Right, Hope Creek this testing period had a 71% failure rate and Cooper has a 63% failure rate...kind of in the ball park, you think each? 

The drastic increase in failures compared to the last four outages should should raise the hairs on the back of your head. Any ethical engineering report like this should openly question this drastic increase and vow to immediately fix it. Why didn't they mention this in the report...what else is Cooper habitually not confronting and fixing at the plant? How come in Mrs Bower's letter to me on Hope Creeks SRV problems he didn't discuss the increase in setpoint accuracy problems? I just saying he is not discussing the painful truth... It is like he is a advertising executive and not a federal regulator. How many SRVs would have failed testing if the limits were +/- 1% or didn't have a stellite coating the on seat and valve? The +/- 3% and Stellite coating is accommodating these defectively designed valves. It is just giving a illusion they fix the problem.  It is destructive "Normalization of Deviance" on steroids. It is a common organizational mental illness.  

On the second SRV going INOP Cooper needs to be shutdown in 24 hours. 

You get it, a ethical organization(s) would never preform an experiment on nuclear power plant safety equipment. They would put the stellite coated internals and valve on a test stand and exactly model the environment and length of duty as in the nuclear plant. They would put the valve in a much more harsh environment than the plant, so the problems would be exaggerated. Then they would test the valves just like they do when it comes out of the nuclear plant. They'd never put that stellite into a nuclear plant without being 1000% sure how the stellite would perform. It would fix the lift setpoint accuracy problems. I am telling you something stinks rotten here.      

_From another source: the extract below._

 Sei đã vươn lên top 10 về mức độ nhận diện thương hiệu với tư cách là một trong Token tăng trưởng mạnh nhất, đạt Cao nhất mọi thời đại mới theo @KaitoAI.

LER 2015-001-01: 5 failed TS safety testing 

LER 2011-005-00: 1 failed TS safety testing  

LER 2010-001-00: 2 failed TS safety testing 

LER 2008-002-00: 1 failed TS safety testing  

LER 2008-002-00: 1 failed TS safety testing

Licensee Event Report No. 2015-001-01

***Read what this below sentence in the LER. This is Coopers title of the document. The NRC wants me to make believe these below 16 words don't matter.  Ask Cooper what they are required to do in this case if they find this specific "condition prohibited by technical specification while at power". They are required to emediately shutdown. This is all "Catch 22" crazy circular logic. Right, "a loss of safety function.

Right, it like your brake peddle goes almost down to the floor. It wasn't like that a day ago. Once you put your foot on the peddle it emediately began braking is what it was a day ago. You test your braking power by slamming on the brakes. The car quickly stops like it should. Come on, but are you safe by ignoring this new problem. Normal people's alarm horns would loudly be going on their heads. They would quickly take the car to a mechanic and drive much more slowly while getting it to them.      

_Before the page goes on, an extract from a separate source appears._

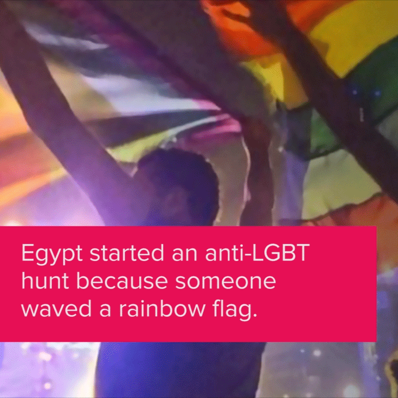 At least 43 people have been detained here in Egypt just because someone waved a rainbow flag.

Valve Test Failures Result in a Condition Prohibited by Technical Specifications and a Loss of Safety Function

PLANT STATUS

Cooper Nuclear Station (CNS) was in Mode 1, Power Operation, at 100 percent power, when the event was discovered; i.e., January 26, 2015.

BACKGROUND

The pressure relief system includes three American Society of Mechanical Engineers code safety valves (SV) [EllS: SB] and eight safety relief valves (SRV) [EllS: RV], all of which are located on the main steam lines [EIlS: SB] within the drywell [EllS: NH], between the reactor vessel [EllS: RPV] and the first main steam isolation valve [EllS: ISV]. The SVs provide protection against over pressurization of the nuclear system and discharge directly into the interior space of the drywell. The SRVs discharge to the suppression pool and provide three main functions: overpressure relief operation to limit the pressure rise and prevent safety valve opening, overpressure safety operation to prevent nuclear system over pressurization, and depressurization operation (opened automatically or manually) as part of the emergency core cooling system [EllS: B J, BM, BO].

Technical Specification (TS) Limiting Condition for Operation 3.4.3 requires the safety function of seven SRVs and three SVs to be operable. The nominal set pressure and tolerances for these valves are established in CNS TS Surveillance Requirements (SR) 3.4.3.1.

The SRVs installed at CNS are Target Rock Model 7567F, two-stage, pilot-actuated valves with pilot assemblies comprised of Stellite 21 pilot discs and Stellite 6B pilot body seats. The pilot assemblies had been in continuous service since installation in Refueling Outage (RE) 27.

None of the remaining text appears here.